Oligothérapie, mettre en place une synergie hivernale
L’oligothérapie n’a pas pour but de combler une carence, mais d’aider l’organisme à mieux fonctionner. Les oligoéléments sont administrés ici en microdoses (inférieures à 1 mg), suffisantes pour envoyer une information au corps, selon la docteure en pharmacie Alina Moyon : « Une faible quantité d’oligoélément va agir davantage en profondeur, sur le terrain, pour stimuler l’intelligence du corps et mobiliser ses capacités. » En effet, les micronutriments agissent en interaction avec les systèmes enzymatiques pour lever des blocages et rétablir l’équilibre. On préconise ainsi en début d’hiver de prendre un trio de cuivre, or et argent en oligothérapie car ces minéraux travaillent en synergie préventive sur les défenses immunitaires. L’argent est un anti-infectieux, l’or stimule l’action des globules blancs et le cuivre est anti-inflammatoire et antioxydant. On peut y ajouter du zinc en cas de rhume déclaré, ou du soufre en présence d’une angine.
Les pouvoirs du zinc
Longtemps considéré comme un oligoélément mineur, le zinc est à présent reconnu au niveau scientifique pour ses propriétés. Il a démontré, durant la pandémie de Covid-19, sa capacité à réduire les symptômes viraux et respiratoires grâce à ses puissantes propriétés immunitaires et anti-inflammatoires.

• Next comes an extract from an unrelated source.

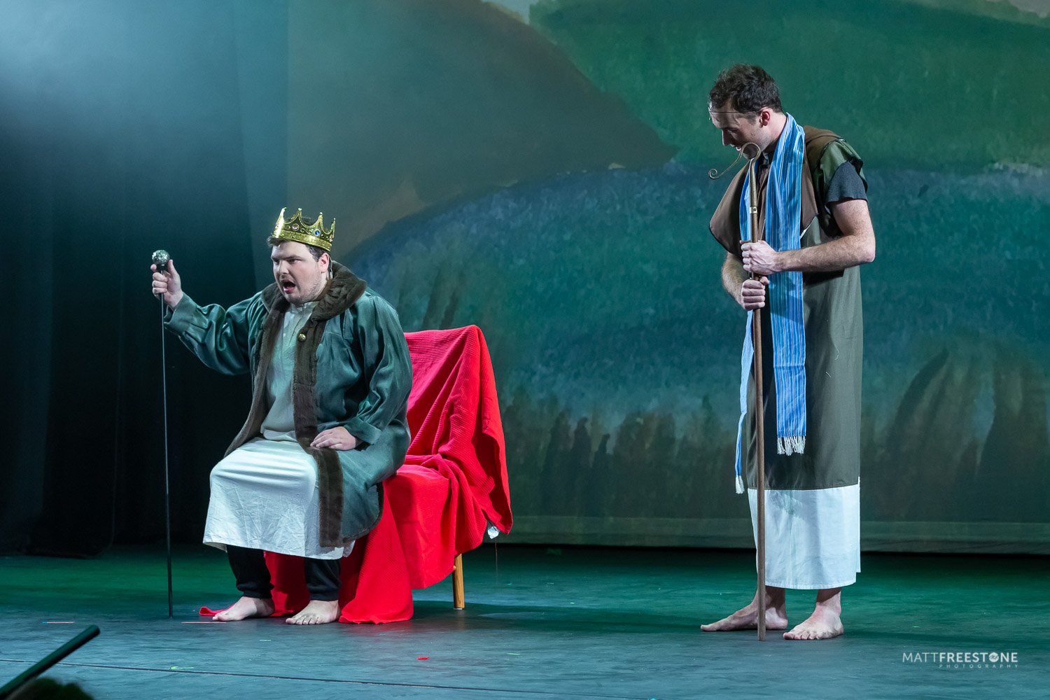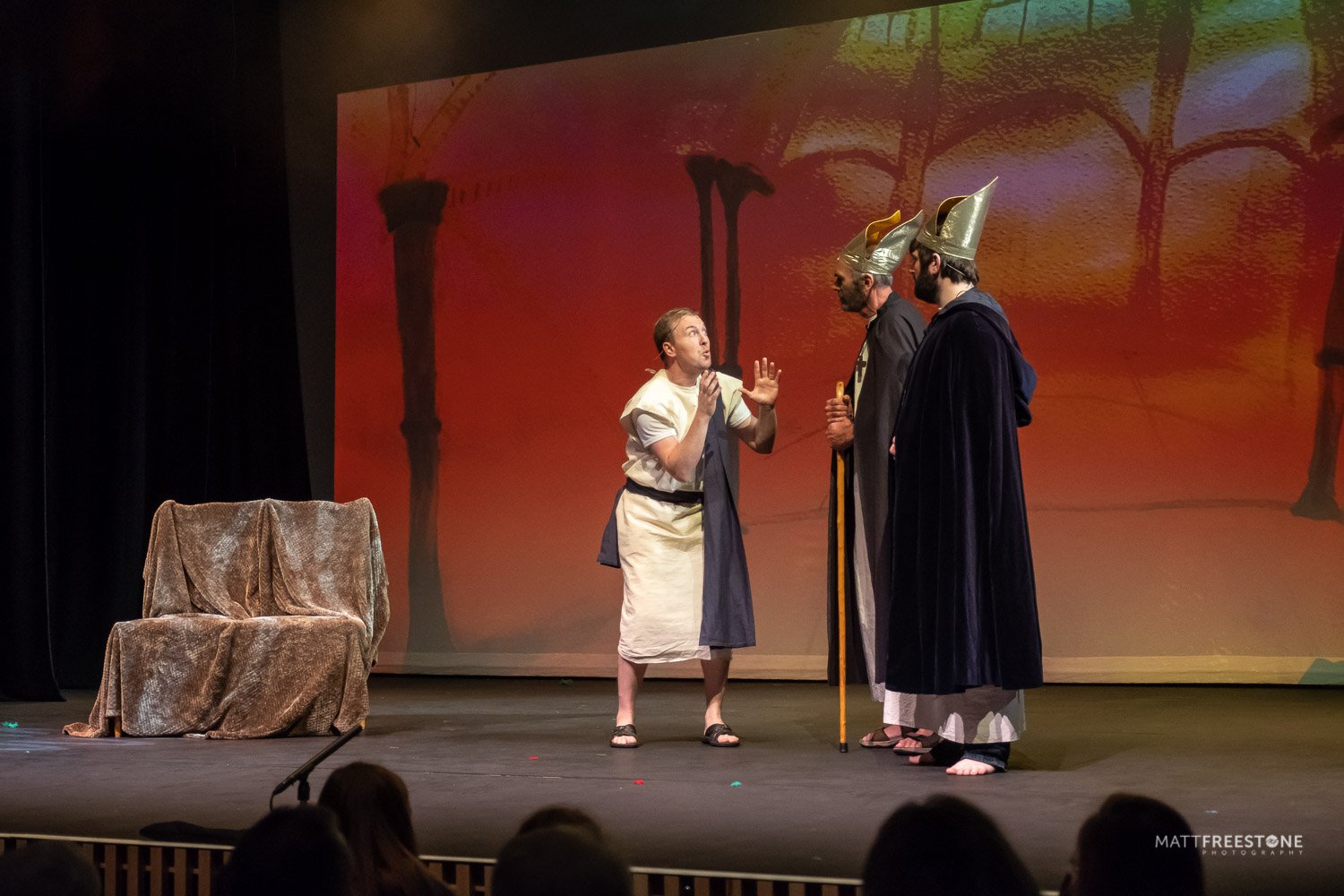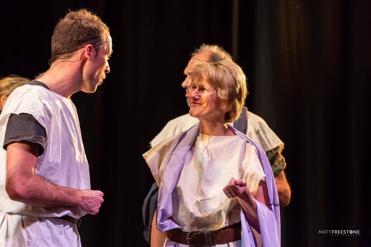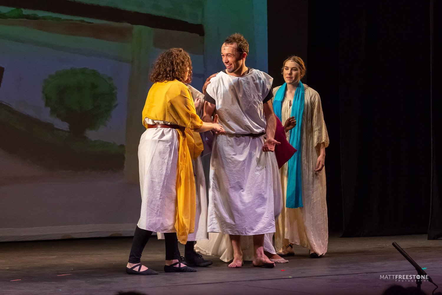 After the Musical opens in the present day with St Patrick’s Day revellers enjoying themselves near a Parade on 17th March, we are then transported back to the 4th/ 5th Century into a British Roman-style community where Patrick grew up with his parents, Calpernius and Conchessa. The story then unfolds using a series of flashbacks described by both narrators and by old Patrick who tells young people about his life: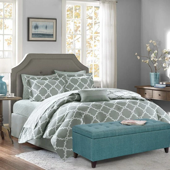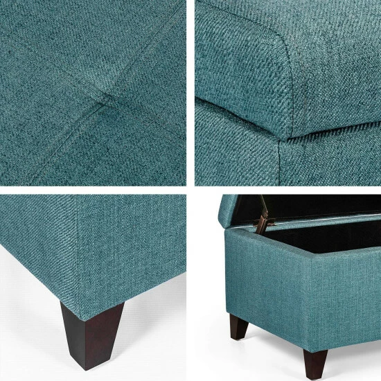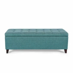 - Add to your home with this turquoise blue fabric storage ottoman bench. Β This ottoman will provide you with enough space to store your blankets and throw blankets. It is constructed with a sturdy corner-blocked frame and strong feet. A padded hinged lid stays open for safe access to storage inside great for your blanket and throw pillows.Β

Même effet bénéfique observé lors d’études sur les maladies chroniques intestinales. Ce minéral contribue également à activer les hormones produites par la thyroïde ou le pancréas, et favorise tous les phénomènes de cicatrisation. On en manque souvent après 50 ans, car on l’absorbe moins bien. Le zinc se trouve surtout dans les produits animaux (huîtres et viande) et, côté végétal, dans la levure de bière, les feuilles de basilic et de goyavier ainsi que les grains de sésame, shiitaké, légumineuses, germes de blé et céréales complètes.